Early Results from the Evaluation of Spinopelvic Angles in Patients with Hip Pain by Femoroacetabular Impingement
Fernando Martins de Pina Cabral1*, Rodrigo Diego Vieira Pantoja2, Renato Locks1,4, Felipe Figueiredo3, Marcos Emilio Kuschnaroff Contreras4 and Daniel Fernandes5
1 Orthopaedic surgeon at Regional Hospital of São José - Dr. Homero de Miranda Gomes (SC), Brazil
2 Hip fellow at Regional Hospital of São José - Dr. Homero de Miranda Gomes (SC), Brazil)
3 Biostatistics at Oswaldo Cruz Foundation (FIOCRUZ) (RJ), Brazil)
4 Orthopedic surgeon at SOS Cardio Hospital - Florianopolis (SC), Brazil
5 Orthopedic surgeon at Federal University of Santa Catarina Hospital (SC), Brazil
Submission:April 22, 2023; Published: May 02, 2023
*Corresponding author: Fernando Martins de Pina Cabral, Orthopaedic surgeon at Regional Hospital of Sao Jose - Dr. Homero de Miranda Gomes (SC), Brazil
How to cite this article: Cabral FMP, Pantoja RDV, Locks R, Figueiredo F, Contreras MEK, Fernandes D, et al. Early Results from the Evaluation of Spinopelvic Angles in Patients with Hip Pain by Femoroacetabular Impingement. Ortho & Rheum Open Access J. 2023; 21(4): 556069. DOI: 10.19080/OROAJ.2023.21.556069
Abstract
Purpose: to evaluate spinopelvic angles in patients with hip pain and femoroacetabular impingement (FAI). After the discovery of the FAI in 2003, a complete biomechanical analysis of the lower limb and its relationship with the spine became indispensable, in the context of preservative surgery and/or at hip arthroplasty.
Methods: twenty patients aged between 18 and 60 years with hip pain were evaluated. All had pain for more than 3 months and FAI syndrome. All signed the informed consent form, had their anthropometric data and Harris Hip Score (HHS) evaluated.

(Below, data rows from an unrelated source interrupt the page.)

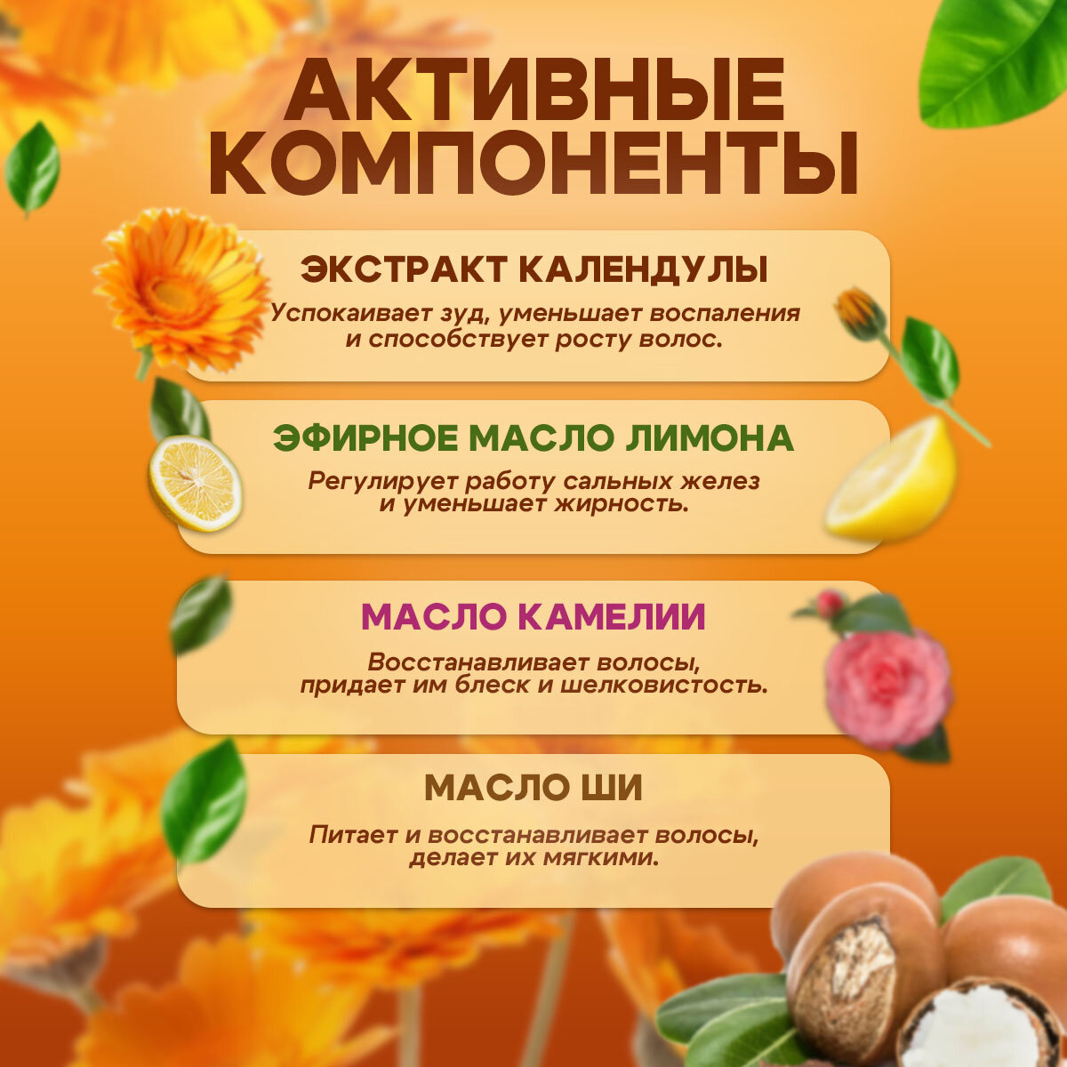 | Масла и экстракты | кокосовое масло / масло бразильского ореха / масло виноградных косточек / масло какао / масло камелии / масло лимона / масло розмарина / масло чайного дерева / масло ши (карите) / оливковое масло / экстракт виноградных косточек / экстракт жасмина / экстракт календулы / экстракт корицы / экстракт лимона / экстракт морских водорослей / экстракт розмарина / экстракт розы |
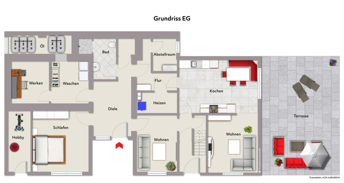 Das Haus besteht aus zwei Wohneinheiten, jeweils mit separatem Eingang und überzeugt durch flexible Grundrisse sowie großzügige Flächen. Die Strom- und Wasserleitungen sind jedoch nicht nach Wohneinheiten getrennt und bedürfen ggfs. einer Anpassung.
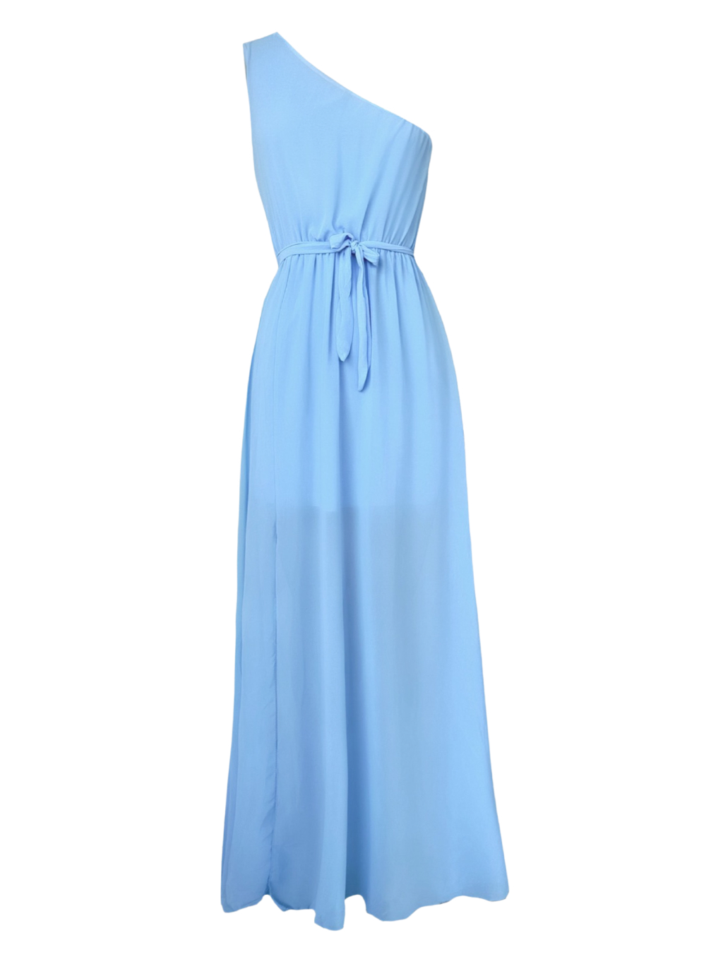 Světlomodré lehké dlouhé šaty POPPI na jedno rameno

Results: the average age was 40 years and female gender in 76%. The mean Body Mass Index (BMI) was 21 kg/m2 and the mean HHS was 70 points. The time between hip pain onset and clinical evaluation was two and a half years. Alterations of the spinopelvic angles were found in 58% of the patients. We found statistically significant differences at the sacral slope (SS) (p: 0.006) and anterior pelvic plane (APP) angles (p: 0.013), between patients with and without hip arthrosis, and a decrease in both angles between standing and sitting positions. This translates into a more up verticalization pelvis position and posterior tilt, the greater the arthrosis.
Conclusion: the presence of lower back pain associated with angular spinopelvic alterations in 58% of patients with FAI and the difference between patients according to the degree of hip arthrosis reveal the importance of evaluating this parameters and showing this early results.

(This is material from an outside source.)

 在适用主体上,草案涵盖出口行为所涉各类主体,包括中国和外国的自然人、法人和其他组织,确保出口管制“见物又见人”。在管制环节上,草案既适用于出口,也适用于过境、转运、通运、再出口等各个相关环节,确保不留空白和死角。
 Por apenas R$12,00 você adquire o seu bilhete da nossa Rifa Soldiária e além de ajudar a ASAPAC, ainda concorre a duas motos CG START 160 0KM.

Keywords: Femoroacetabular impingement; Spinopelvic angles; Hip arthrosis; Lumbar spine arthrosis; Hip preservation surgery; Hip arthroplasty
Introduction
The evaluation of the spinopelvic angles have been subject of increased interest in the biomechanical assessment of the hip [1]. It is known that there is an association between degenerative diseases of the hip and lumbar spine, first described by Macnab as Hip-Spine Syndrome in 1983, when it was reported that 27% of the patients over 45 years of age had symptoms in both places [2]. The incidence of hip and spinal arthrosis has increased in the population, and it may be difficult to differentiate the origin of the pain when concomitant, due to the complaints being generally subjective and possibly overlapping [2-4].

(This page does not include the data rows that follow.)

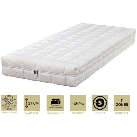 MATELAS Spécifique pour Sommier Electrique ou Mécanique:· Accueil : Moelleux .· Soutien : Ferme .· Technologie matelas : Face été 4 cm Latex Densité 78 Kg/m3 + Face Hiver 4 cm Mousse Mémoire de Forme 62 Kg/m3 + Mousse Poli Lattex Dernière Génération· Épaisseur du matelas : +/- 21 cm.· REPOS PLUS SAIN grâce au Traitement Anti-acariens / anti-bactérien / Anti-moisissures.· Très bonne Indépendance de couchage.· DORMEZ TRANQUILLE avec la Garantie 5 ans. Référence Latex Memory · Compatible avec les sommiers Articulés Mécaniques ou électriques Coutil:· Coutil stretch matelassé de 290 gr/m2 de Polyester avec traitement Sanitized. · SANITIZED : Traitement antibactérien et anti-moisissures diminuant également le développement des odeurs.· Déhoussable sur 3 Côtés et Housse Lavable à 30° position Lavage à la main DélicatStructure et garnissage du MATELAS :· Plate-bande: Tissu Hyper RESPIRANT matelassé avec de la ouate polyester .· Âme noyau : bloc de 12 cm de Mousse HAUTE RESILIENCE Poli Lattex dernière génération Indéformable · EXCELLENTE ADAPTABILITÉ : La structure du matelas est divisée en 7 incroyables zones de confort qui s’adaptent à tous types de morphologies et aident à libérer les tensions musculaires pour soulager les maux de dos provoqués par de mauvaises postures au cours de la journée. ERGONOMIQUE – MOUSSE MOULEE – ANTIBACTERIEN – PAS DE CFC – INDEFORMABLE – ANTI TRANSPIRANT – SANS COLLE – ANALLERGIQUE – RECYCLABLE – VISCOELASTIQUE + PROTEGE MATELAS Imperméable Hygiénique – Ajustable pour Matelas de 13 à 35 cm de Hauteur – Dessous en Péva : matière Ferme et écologique – Il prolongera la durée de vie de votre matelas· TISSUS CERTIFIES : Système de Qualité Certifié Oeko-tex 100 , Certipur testé contre les substances nocives. Certification ISO 9001
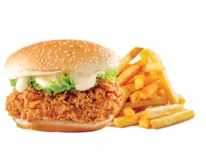 Chilly Chicken Burger, French Fries (Combo), Ketchup, 250 ML Soft Drinks
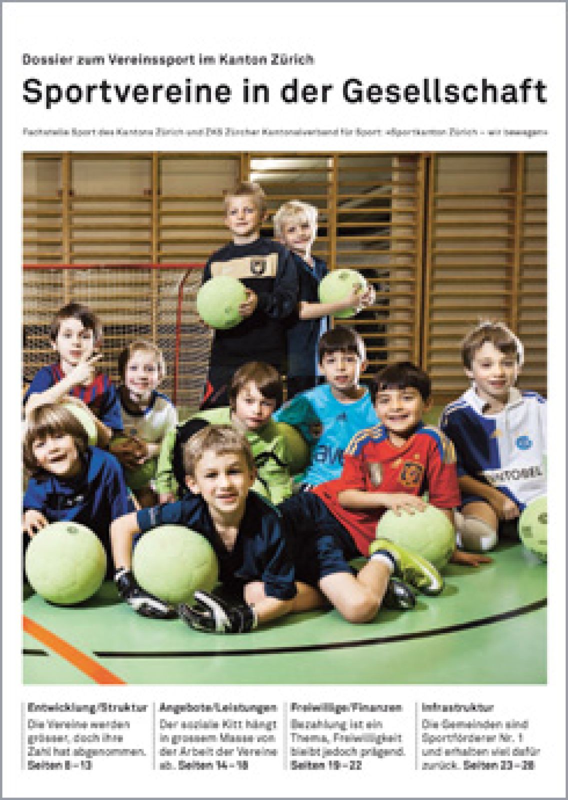 Das Dossier 2013 des Sportkantons Zürich widmet sich anhand diverser Praxisbeispiele dem Leistungsangebot und dem Netzwerk für Gemeinden und Sportvereine im Kanton Zürich.
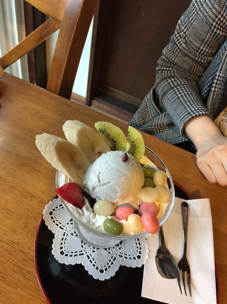 古民家の造りで中は座敷とテーブル席。奥には個室もあります。古いアンティークも飾られており雰囲気良いです。私はスイートポテトとゴマアイス、相方は定番のとうふ白玉パフェをいただきました。わたし的に一番美味しかったのはスイートポテトでしたよ。
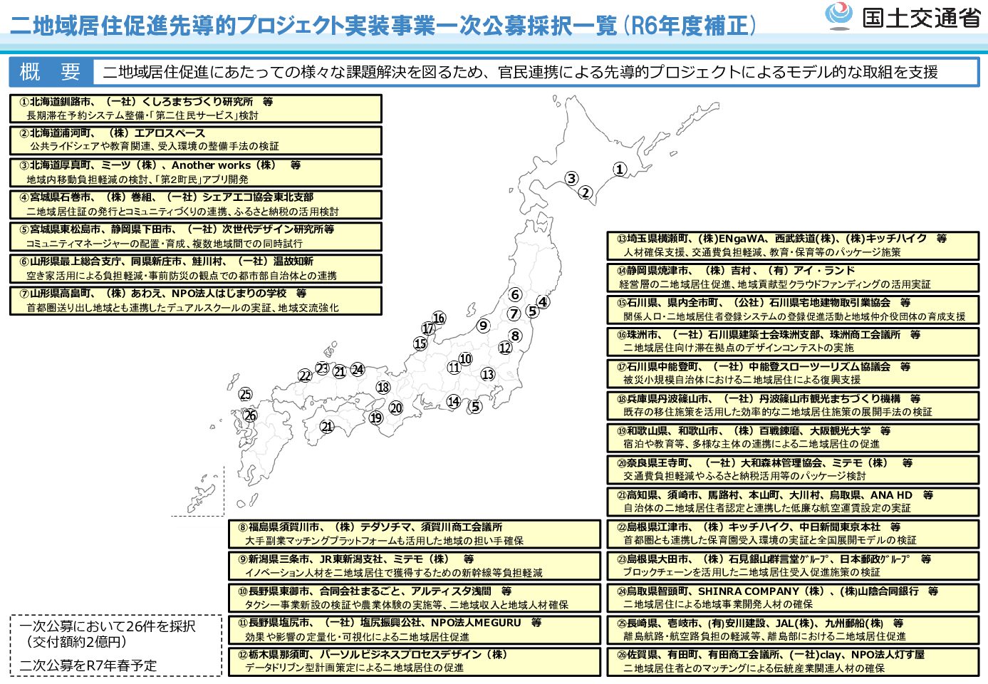 令和6年度「二地域居住先導的プロジェクト実装事業」として、国土交通省により、官民連携のコンソーシアムが実施する二地域居住等における中長期的な課題の解決に向けた先導的な取組26件が採択され、交付決定されました。 詳しくは、下記URLからご覧ください。
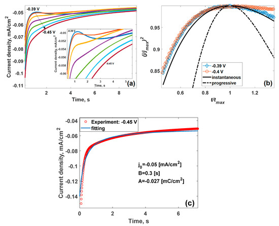 where A, B and jL are fitting parameters. It was revealed that that the best fit can be achieved by using the following parameters as follows: A = −0.027 mC/cm2, B = 0.3 s and jL = −0.05 mA/cm2 (Figure 3c).

The change to bipedalism led to increased verticalization of the pelvis and this resulted in a change in the structure of the muscles that support the spine [5]. The orthostatic position is a unique, stable and ergonomic posture, which has led the pelvis to be a key structure in the human motor apparatus, also called the pelvic vertebrae [6]. The sacral plateau forms the base to support the spine and is the point of load transfer from the trunk to the pelvis. The normal pelvis is horizontal in the frontal plane, but this geometry is more complex in the sagittal plane, whose parameters needs to be defined for a better biomechanical interpretation [7]. In a progressively unbalanced spine, there is a tilting of the upper body anteriorly, and consequently the posterior muscles from the trunk exert more force to counterbalance the gravitational moment of force. The lack of sagittal balance progressively leads to lumbar hyperextension, posterior pelvic tilt, knee flexion and ankle extension [8,9].
FAI is a dynamic conflict between the femoral head and the acetabulum, that can be of three types: CAM type, when there is an absence of sphericity in the femoral head-neck transition; Pincer type, which occurs when the acetabulum provides excessive coverage of the femoral head; and Mixed type, which is a combination of both types of impingement [9-12]. FAI occurs mainly in younger patients, especially at those who play high-impact sports, perform torsional or lateral movements, or constant squatting [10,11]. The aim of the study was to evaluate patients with hip pain by FAI and to investigate possible variations of the spinopelvic angles as sacral slope and anterior pelvic plane between standing and sitting positions.
Materials and Methods
Thirty-eight patients aged over 18 years who spontaneously presented to the doctor’s authors and co-author’s outpatient offices for hip pain assessment were evaluated, in the period from June 2020 to June 2021, after approval of the study by the research ethics committee, respecting the statement of the Human and Animal Rights. Subsequently, 18 patients could not complete all the images protocol due to covid-19 restrictions and were excluded. Three patients were excluded too, one for having angular alteration of the femur (varus), another due to torsional alteration of the femur (antetorsion) and other one due to a concomitant lesion of the gluteus medius musculature (tendinosis). Four patients had bilateral pain, totaling 17 patients evaluated and 21 hips with radiographic alterations of FAI.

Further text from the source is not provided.